Aggregations refer to any data transformation that produces scalar values from arrays.

Programs can use built-in optimized aggregation methods, or custom functions.

Programs can pass any function that aggregates an array to the `aggregate` or `agg` method of a GroupBy object.

Custom aggregation functions are generally much slower than the built-in optimized functions.

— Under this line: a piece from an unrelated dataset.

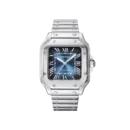 This model showcases a distinct modern elegant aesthetic with a captivating colorway. The bracelet is made of 904L stainless steel with a solid integrated link design, finished with brushed surfaces and polished edges, providing a seamless flow with the case. The bezel maintains the signature square shape with rounded corners and polished finish. The standout feature is the gradient blue dial, adorned with metallic silver Roman numerals and polished steel sword hands filled with luminescence, ensuring excellent legibility and a sharp, high-contrast look.
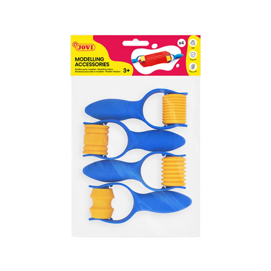 This set of 4 Modelling Rollers in Various Shapes allows children to explore textures and patterns with modelling clay. Each roller features a different design, encouraging experimentation, creativity, and hands-on learning while supporting fine-motor development and hand-eye coordination. Ideal for use with clay, dough, or other modelling materials, these rollers make sculpting and texturing fun and engaging for young learners.

#### Column-wise & Multiple-function application

Providing a list of functions or function names, results in a DataFrame with column names taken from the functions. Programs can over-ride the default column name:

`grouped_pct.agg([('foo', 'mean'), ('bar', np.std), peak_to_peak])`

You can specify a list of functions to apply to all of the columns or different functions per column.

#### Aggregated data without row indexes

By default, the aggregated data result has an index, potentially hierarchical, composed from the unique group key combinations. You can disable this behavior in most cases by passing `as_index=False` to groupby.